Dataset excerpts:
==*==
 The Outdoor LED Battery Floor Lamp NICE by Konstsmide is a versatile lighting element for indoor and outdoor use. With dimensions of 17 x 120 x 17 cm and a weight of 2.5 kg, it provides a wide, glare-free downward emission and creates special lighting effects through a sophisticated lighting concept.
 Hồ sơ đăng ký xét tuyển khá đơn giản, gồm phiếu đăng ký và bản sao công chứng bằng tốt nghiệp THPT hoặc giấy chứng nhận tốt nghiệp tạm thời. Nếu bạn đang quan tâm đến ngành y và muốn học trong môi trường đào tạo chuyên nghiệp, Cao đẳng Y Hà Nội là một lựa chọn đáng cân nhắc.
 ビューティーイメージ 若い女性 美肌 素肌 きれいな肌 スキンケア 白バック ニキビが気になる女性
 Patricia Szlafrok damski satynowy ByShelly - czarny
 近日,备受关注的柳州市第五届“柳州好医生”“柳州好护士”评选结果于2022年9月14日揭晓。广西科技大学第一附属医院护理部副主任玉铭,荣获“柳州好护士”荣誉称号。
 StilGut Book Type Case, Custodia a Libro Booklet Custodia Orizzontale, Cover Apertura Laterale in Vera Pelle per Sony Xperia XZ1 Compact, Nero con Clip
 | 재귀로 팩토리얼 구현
==*==
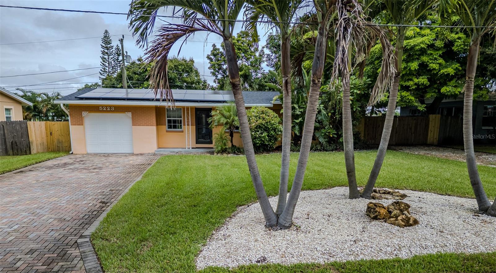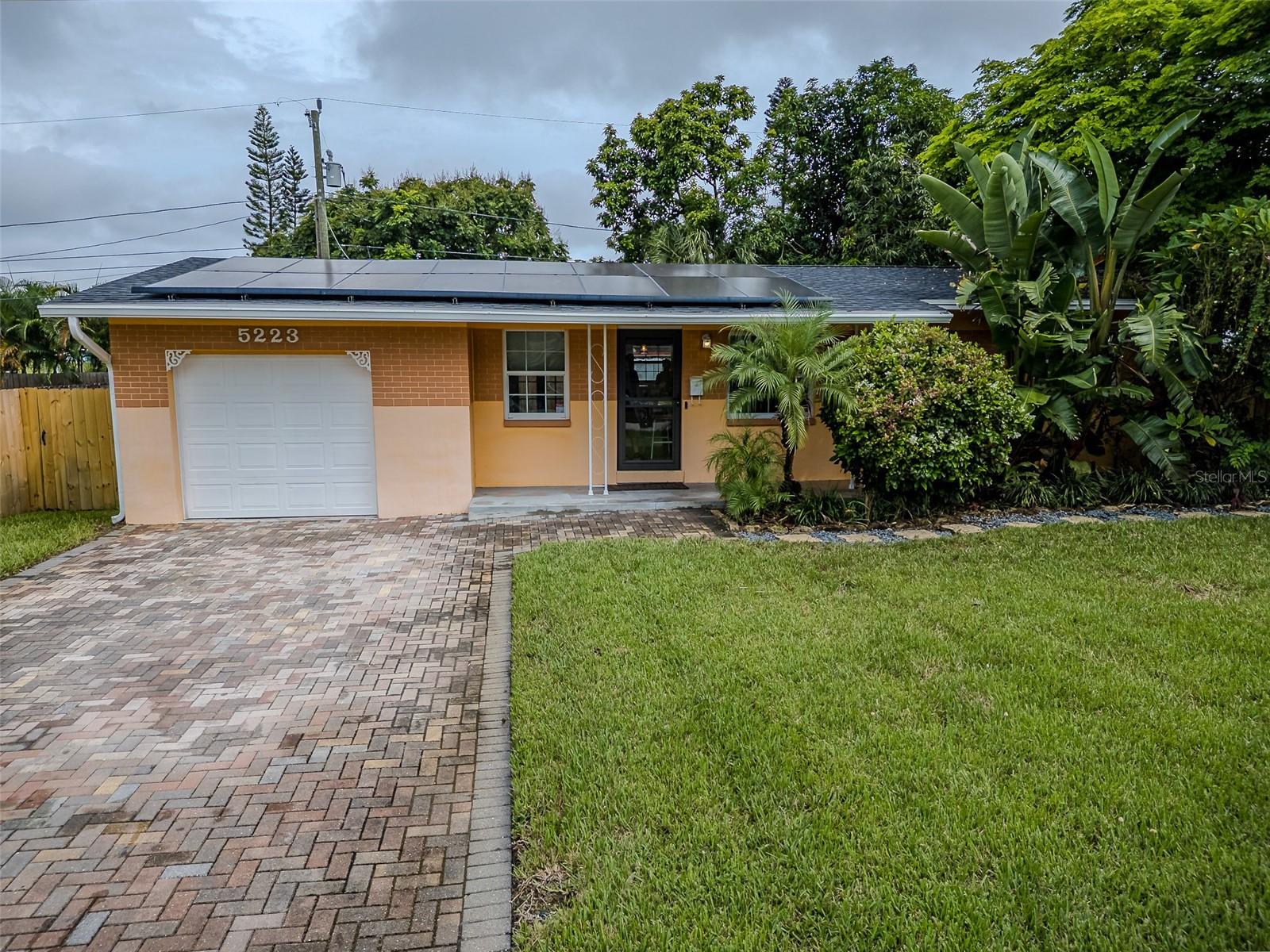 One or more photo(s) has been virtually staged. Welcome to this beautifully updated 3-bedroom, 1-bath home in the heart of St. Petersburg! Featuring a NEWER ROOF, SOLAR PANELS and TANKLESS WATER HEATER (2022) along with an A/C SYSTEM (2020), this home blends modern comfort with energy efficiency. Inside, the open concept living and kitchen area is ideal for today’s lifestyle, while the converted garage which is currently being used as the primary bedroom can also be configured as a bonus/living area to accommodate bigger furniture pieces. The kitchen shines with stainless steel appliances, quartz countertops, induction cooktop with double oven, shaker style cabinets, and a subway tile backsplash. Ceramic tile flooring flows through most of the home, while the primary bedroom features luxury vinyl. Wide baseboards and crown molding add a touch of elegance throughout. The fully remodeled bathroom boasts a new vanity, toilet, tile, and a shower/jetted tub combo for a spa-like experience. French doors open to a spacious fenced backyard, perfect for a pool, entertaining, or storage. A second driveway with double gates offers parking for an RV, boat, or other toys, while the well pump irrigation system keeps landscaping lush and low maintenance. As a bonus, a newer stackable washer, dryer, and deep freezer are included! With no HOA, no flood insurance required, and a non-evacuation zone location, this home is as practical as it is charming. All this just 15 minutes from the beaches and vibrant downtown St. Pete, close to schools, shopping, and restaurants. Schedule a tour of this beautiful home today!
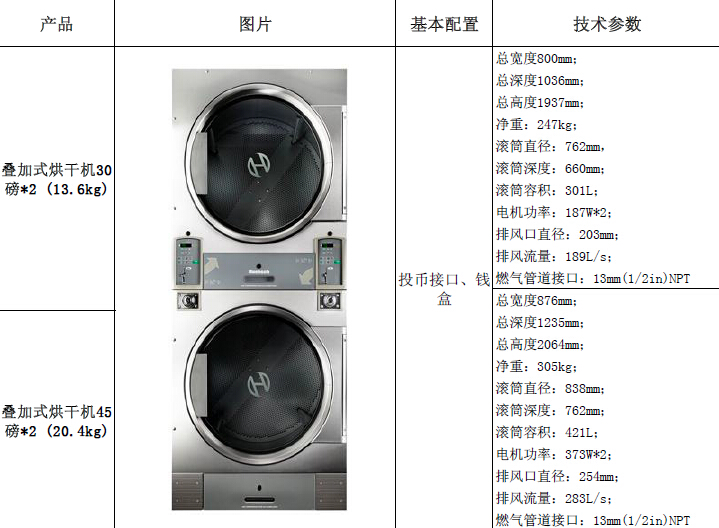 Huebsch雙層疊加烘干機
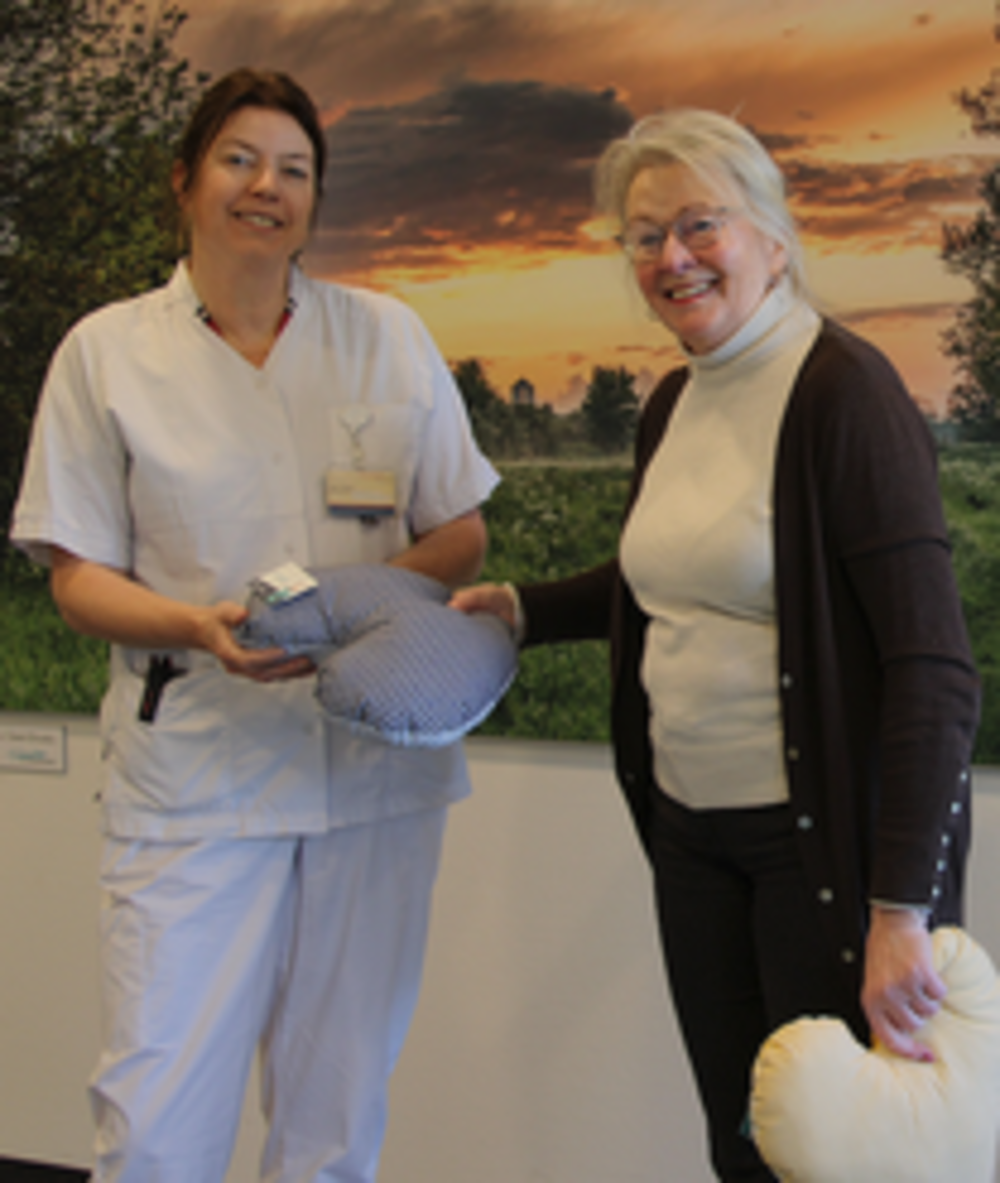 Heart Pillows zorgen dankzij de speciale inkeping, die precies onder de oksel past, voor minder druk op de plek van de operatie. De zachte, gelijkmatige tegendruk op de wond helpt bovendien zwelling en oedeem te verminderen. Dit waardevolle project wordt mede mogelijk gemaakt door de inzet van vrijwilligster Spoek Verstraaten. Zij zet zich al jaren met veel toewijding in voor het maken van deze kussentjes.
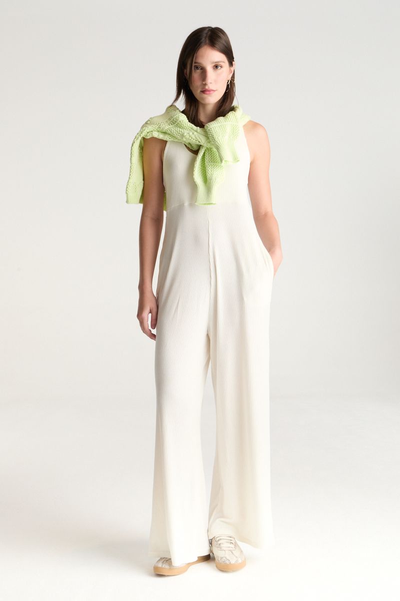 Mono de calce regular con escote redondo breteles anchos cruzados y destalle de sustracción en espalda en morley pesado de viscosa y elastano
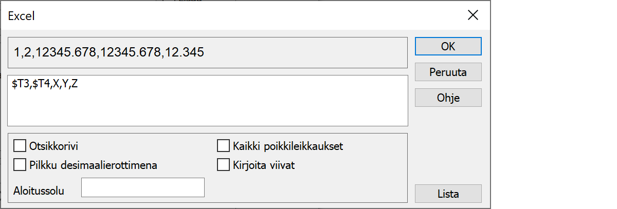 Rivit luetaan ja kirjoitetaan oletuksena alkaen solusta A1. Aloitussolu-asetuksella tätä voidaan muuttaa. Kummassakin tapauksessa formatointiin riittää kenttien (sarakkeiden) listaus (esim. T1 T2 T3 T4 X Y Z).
==*==
Would you copy out exactly the lines above that start at the one containing "近日,备受关注的柳州市第五届" and end at the one containing "재귀로 팩토리얼 구현", inclusive?

EXERCISE OUTPUT:
 近日,备受关注的柳州市第五届“柳州好医生”“柳州好护士”评选结果于2022年9月14日揭晓。广西科技大学第一附属医院护理部副主任玉铭,荣获“柳州好护士”荣誉称号。
 StilGut Book Type Case, Custodia a Libro Booklet Custodia Orizzontale, Cover Apertura Laterale in Vera Pelle per Sony Xperia XZ1 Compact, Nero con Clip
 | 재귀로 팩토리얼 구현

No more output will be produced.